Na África do Sul, fui jantar e um homem branco gigante me acompanhou com os olhos. Normal, eu estava no Green Side, uma das regiões brancas de Johannesburgo. Ao sair do restaurante para telefonar para minha mãe, na mesa de fora do restaurante, ele me mandou sair de perto do seu carro.
Eu achei estranho, mas sai. Ele gritou que se eu não saísse da frente dele conheceria sua arma de perto. Fiquei estático. Em um país desconhecido, 22h, um homem começa a me insultar. Por mais que eu quisesse sair no braço, ele era do tamanho desses lutadores de MMA.
A esposa dele foi acalmá-lo. Ele disse que esses negros estão levando tudo e ainda querem comer no mesmo lugar. Quando ele empurrou o braço da própria mulher, vi que era um racista de verdade.
Um outro casal, de pele clara, da mesa ao lado, saiu do restaurante ao ver aquilo. Eu voltei para minha mesa, e vi que ele ainda ficou me buscando com os olhos em meio ao restaurante. Depois, saiu sem terminar sua comida.
Nunca havia encontrado um racista radical em minha vida. Pela primeira vez, vi que por conta da cor da pele alguém atiraria em mim. No Brasil, muitos jovens morrem na mão da polícia por serem negros. Já tive armas apontadas para minha cabeça por isso. Mas não é abertamente por sermos negros. Existe uma máscara social que nos marginaliza antes da morte.
Na África do Sul existem pessoas que passam com o carro por cima de outra somente pela cor da pele. Não podemos nos enganar, existem negros que fazem a mesma coisa com brancos lá. O racismo, apesar do fim do apartheid, é vivo no dia a dia das pessoas. O racismo deles é mais forte, mas isso não minimiza nosso problema. Pelo contrário, dificulta, pois os inimigos são ocultos. Precisamos entender isso para qualificar nossa luta pela igualdade.
Para concluir a história vivida no continente africano: ao voltar para o lugar onde estava hospedado, encontrei o rapaz que saiu da mesa na hora do conflito. Ele me implorou desculpas pelo ato do racista, pedindo que não julgasse seu continente pela situação. Disse que o comportamento não é característico de negros ou brancos, mas de humanos.
Na realidade, somos admirados no continente africano pela capacidade que temos que ser uma sociedade mestiça sem conflitos, um país onde negros e brancos são iguais. Em uma palestra que fiz lá, disse a eles que isso é verdade. Mas sabemos ainda ter um longo caminho a percorrer.

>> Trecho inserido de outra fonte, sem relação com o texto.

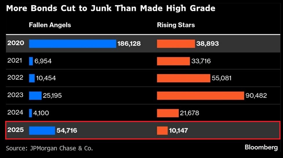 In 2025, roughly $55 billion worth of US corporate bonds were downgraded from investment-grade to junk status, marking the highest annual total since 2020. At the same time, upgrades back into investment-grade territory fell to just $10 billion, the weakest showing in at least six years. The imbalance underscores a market increasingly tilted toward credit stress rather than recovery.

As pessoas em geral não tem ideia de como o RACISMO doí, você ser hostilizado só porque é diferente é muito triste.
Manoel Soares. Entendo o seu objetivo de ir a África para juntar conteúdo para fazer seu livro contra o crack. Mas já se fala muito contra o crack e eu acredito que políticos se aproveitam desse câncer social para se elegerem e criar formas e soluções falhas para uma possível candidatura. Não sou o dono da verdade, tudo bem lance seu livro sobre o crack, em fim... Mas eu ficaria muito satisfeito se na continuação dos fatos, você viesse a lançar algo contando sobre a verdadeira face Africana. O racismo forte e sem piedade que ainda assombra o negro Africano. Nunca ninguém comentou sobre esses fatos negativos na África, na minha santa ignorância, meus irmãos de melanina estavam imunes desse mal, coisa do passado. Mas lendo a sua coluna no ''Diário Gaúcho'' eu vi que o ''sincronizador'' (por assim dizer) da paz na Africa do sul, é o Nelson Mandela. Ele não é eterno. No dia que ele morrer... como é que fica meu irmão??!! A ÁFRICA DO SUL VAI REGREDIR. O pai da tolerância entre povos de etnias diferentes, não é eterno.

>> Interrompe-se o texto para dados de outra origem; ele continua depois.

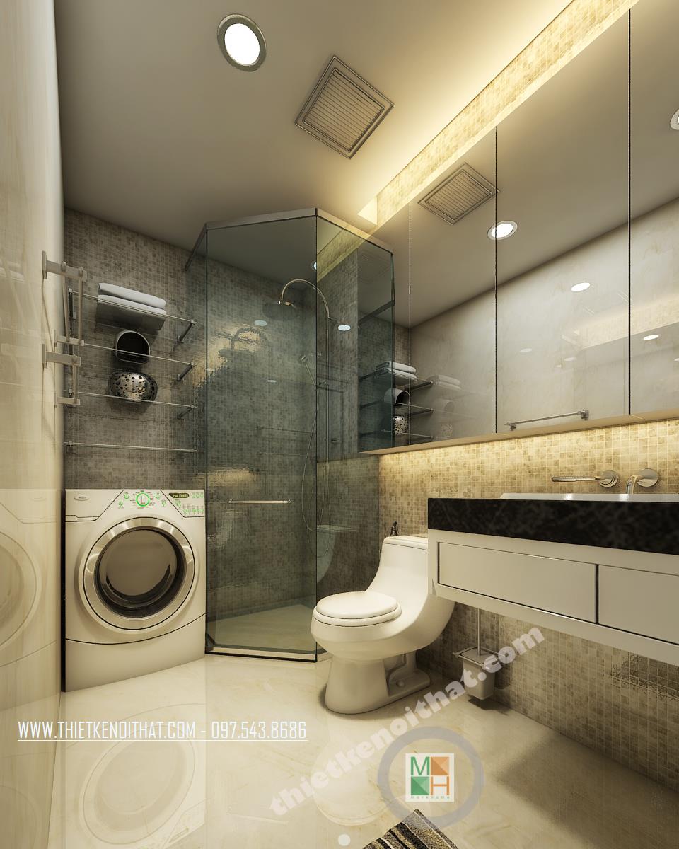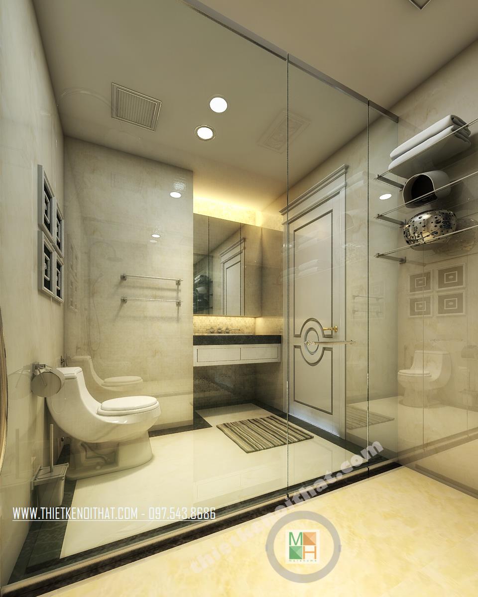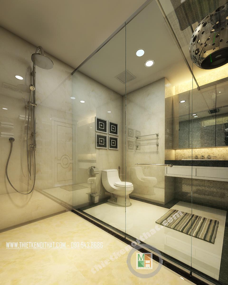 Thiết kế nội thất phòng tắm lựa chọn sàn và ốp tường đá cẩm thạch màu sáng cùng các đường bo viền tối tạo sự tương phản, tinh tế nhưng vẫn mềm mại cho không gian. Đặc biệt không gian được tách riêng biệt là khu khô và khu ướt bởi vách kính trong suốt giúp gia chủ tận dụng không gian, như máy giặt có thể gọn gàng tại khu khô của phòng tắm. Sự phối hợp giữa ánh sáng, gương và vách kính một cách hợp lý đã giúp cải thiện nhược điểm hẹp của phòng tắm, mang lại 1 không gian rộng rãi hơn nhưng vẫn đảm bảo được sự tiện nghi cũng như các tính năng của phòng tắm cho người sử dụng.

Seria um presente você expandir esses fatos em um volume maior Não limite essas experiências em pequenos trechos, todas às sextas feiras na coluna do jornal, Imprime essa parada ai e faça um livro. EU vou ser um dos primeiros a garantir o meu. Você é um irmão que trabalha com comunicação, seja a nossa voz, o nosso comunicador. VOCÊ REPRESENTA RAPAZ!!!!

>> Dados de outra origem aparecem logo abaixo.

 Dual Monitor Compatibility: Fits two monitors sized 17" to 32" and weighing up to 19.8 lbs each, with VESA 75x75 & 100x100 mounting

Manoel admiro seu profissionalismo, luta e reconhecimento amoroso pela criação de sua mãe. Como você ainda quero ter a oportunidade de ir a Bahia e África, poder me sentir em casa realmente. Mas não concordo que podemos afirmar para nossos irmãos africanos ou para quem quer que seja que vivemos em uma “sociedade mestiça sem conflitos, um país onde negros e brancos são iguais...” como você falou. Todos têm um longo caminho para percorrer, aprender, se educar, e temos o dever de reconhecer que vivemos em um país com racismo, preconceito, etc., totalmente mascarado. Hoje, somos índios, negros, brancos, homossexuais, tentando viver em harmonia. Essa é a nossa realidade.